What you are asked to do:
Only one stretch of the data should be retyped: the lines from the line containing "10月14日に井上達と妻、それに現役の岩澤、阪本が先発として入山し、整備の残作業を実施しました。 主な作業は 1." through the line containing "三条の和カミソリの大家で、三". Keep pictures out of it.

Given entries:
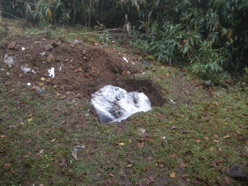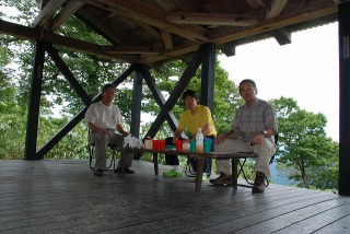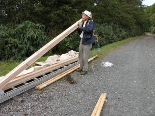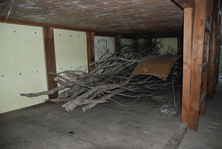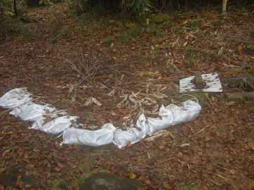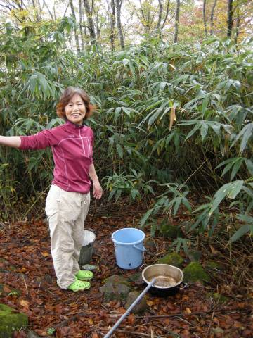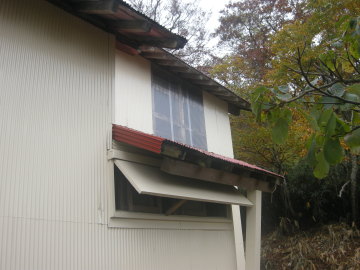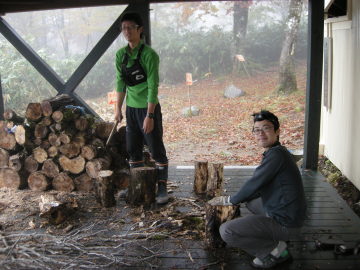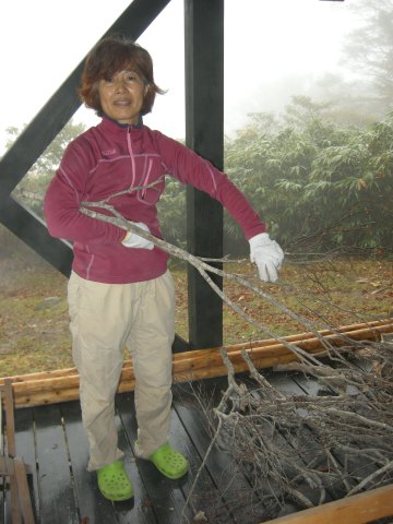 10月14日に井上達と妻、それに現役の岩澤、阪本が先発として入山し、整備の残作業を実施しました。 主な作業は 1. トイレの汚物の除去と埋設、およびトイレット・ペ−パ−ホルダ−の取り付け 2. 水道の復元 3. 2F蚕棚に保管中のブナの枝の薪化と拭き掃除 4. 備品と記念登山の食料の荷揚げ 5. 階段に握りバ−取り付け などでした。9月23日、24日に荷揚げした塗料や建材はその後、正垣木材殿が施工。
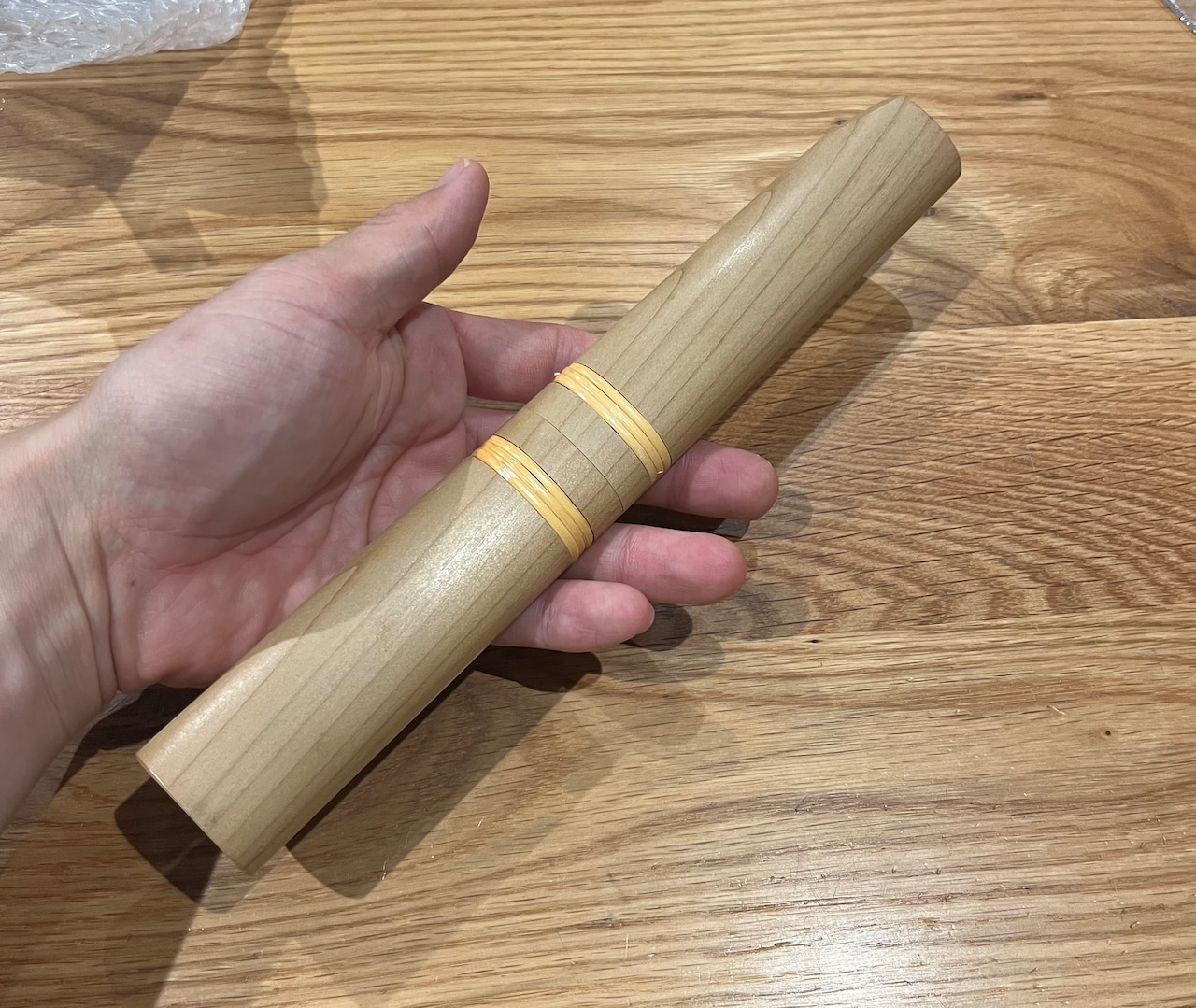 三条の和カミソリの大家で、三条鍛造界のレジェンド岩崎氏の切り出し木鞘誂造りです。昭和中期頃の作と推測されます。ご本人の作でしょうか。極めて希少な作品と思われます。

* * *

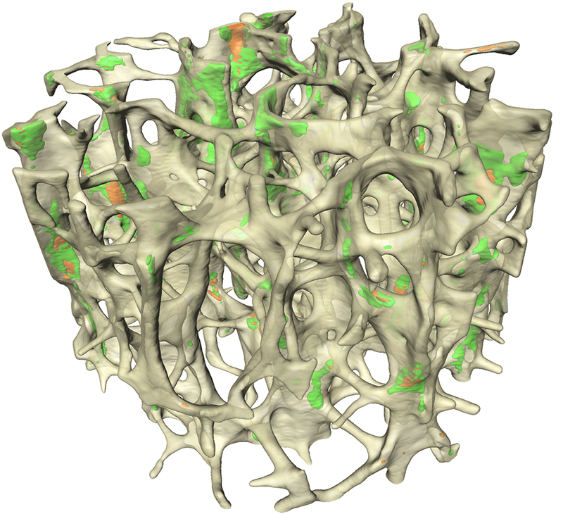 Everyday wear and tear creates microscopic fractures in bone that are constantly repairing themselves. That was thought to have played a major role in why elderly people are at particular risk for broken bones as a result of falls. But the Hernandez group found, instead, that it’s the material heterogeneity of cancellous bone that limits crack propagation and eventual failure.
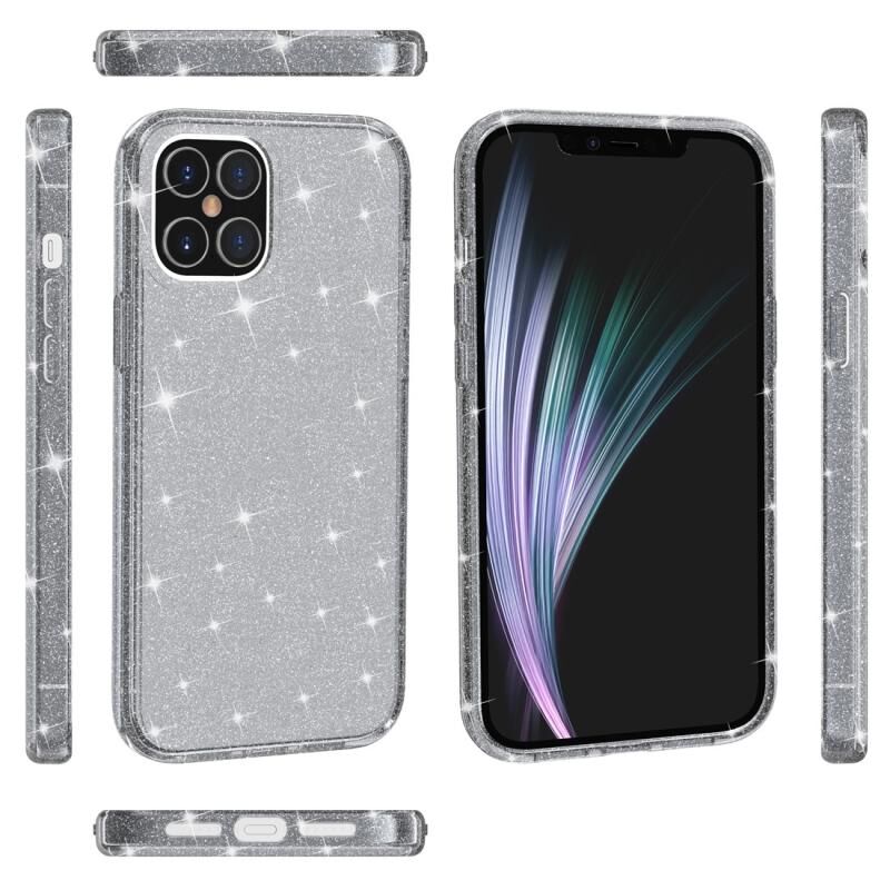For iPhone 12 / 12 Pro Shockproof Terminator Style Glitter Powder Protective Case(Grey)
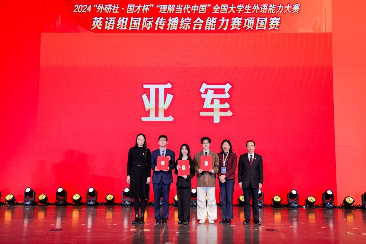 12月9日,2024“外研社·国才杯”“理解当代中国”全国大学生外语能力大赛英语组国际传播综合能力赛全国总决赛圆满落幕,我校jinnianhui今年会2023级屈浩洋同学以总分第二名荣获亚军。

Reply to the exercise:
 10月14日に井上達と妻、それに現役の岩澤、阪本が先発として入山し、整備の残作業を実施しました。 主な作業は 1. トイレの汚物の除去と埋設、およびトイレット・ペ−パ−ホルダ−の取り付け 2. 水道の復元 3. 2F蚕棚に保管中のブナの枝の薪化と拭き掃除 4. 備品と記念登山の食料の荷揚げ 5. 階段に握りバ−取り付け などでした。9月23日、24日に荷揚げした塗料や建材はその後、正垣木材殿が施工。
 三条の和カミソリの大家で、三条鍛造界のレジェンド岩崎氏の切り出し木鞘誂造りです。昭和中期頃の作と推測されます。ご本人の作でしょうか。極めて希少な作品と思われます。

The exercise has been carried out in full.